El cloro es importante para blanquear la pulpa de madera y la tela de algodón. El cloro reacciona con el agua para formar ácido hipocloroso, que oxida las sustancias coloreadas a incoloras. Grandes cantidades de cloro son importantes en la cloración de hidrocarburos (reemplazando hidrógeno por cloro) para producir compuestos como tetracloruro (CCl ₄), cloroformo (CHCl ₃) y cloruro de etilo (C ₂ H ₅ Cl), y en la producción de cloruro de polivinilo (PVC) y otros polímeros. El cloro también es importante para matar las bacterias en los suministros de agua de la comunidad.

El bromo es importante en la producción de ciertos colorantes, y los bromuros de sodio y potasio se utilizan como sedantes. En un momento, el bromuro de plata sensible a la luz fue un componente de la película fotográfica.

El yodo en solución de alcohol con yoduro de potasio es un antiséptico (tintura de yodo). Las sales yoduro son esenciales para el buen funcionamiento de la glándula tiroides; una deficiencia de yodo puede conducir al desarrollo de un bocio. La sal de mesa yodada contiene 0.023% de yoduro de potasio. El yoduro de plata es útil en la siembra de nubes para inducir lluvia; fue importante en la producción de película fotográfica y el yodoforme, CHI ₃, es un antiséptico.

Resumen

Los halógenos forman haluros con menos elementos electronegativos. Los haluros de los metales varían de iónicos a covalentes; los haluros de los no metales son covalentes.

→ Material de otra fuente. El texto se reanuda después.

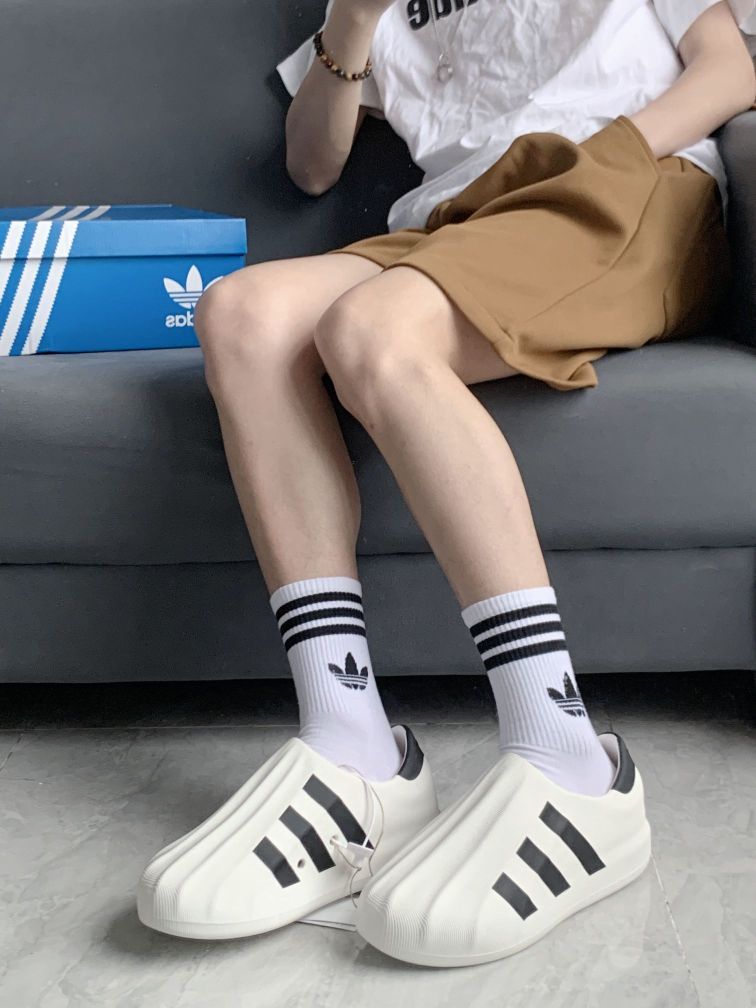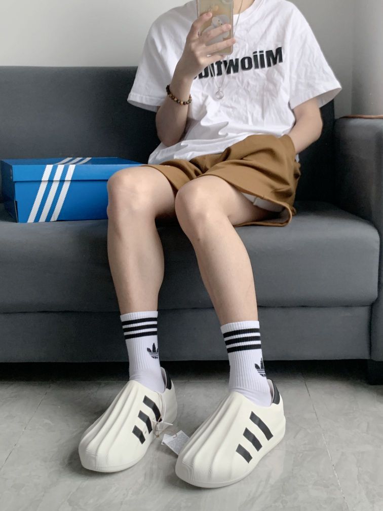 最近入手了一双阿迪的贝壳头洞洞鞋 设计简约干净,白色鞋身加上三条杠,经典又时尚。👟 胖嘟嘟的鞋型,超级可爱,搭配短裤超休闲。👖 穿上它,逛街、约会都舒适又好看。😍

Los interhalógenos se forman por la combinación de dos o más halógenos diferentes. Todos los metales representativos reaccionan directamente con halógenos elementales o con soluciones de los ácidos hidrohalogenados (HF, HCl, HBr e HI) para producir haluros metálicos representativos. Otras preparaciones de laboratorio implican la adición de ácidos hidrohalogenados acuosos a compuestos que contienen tales aniones básicos, como hidróxidos, óxidos o carbonatos.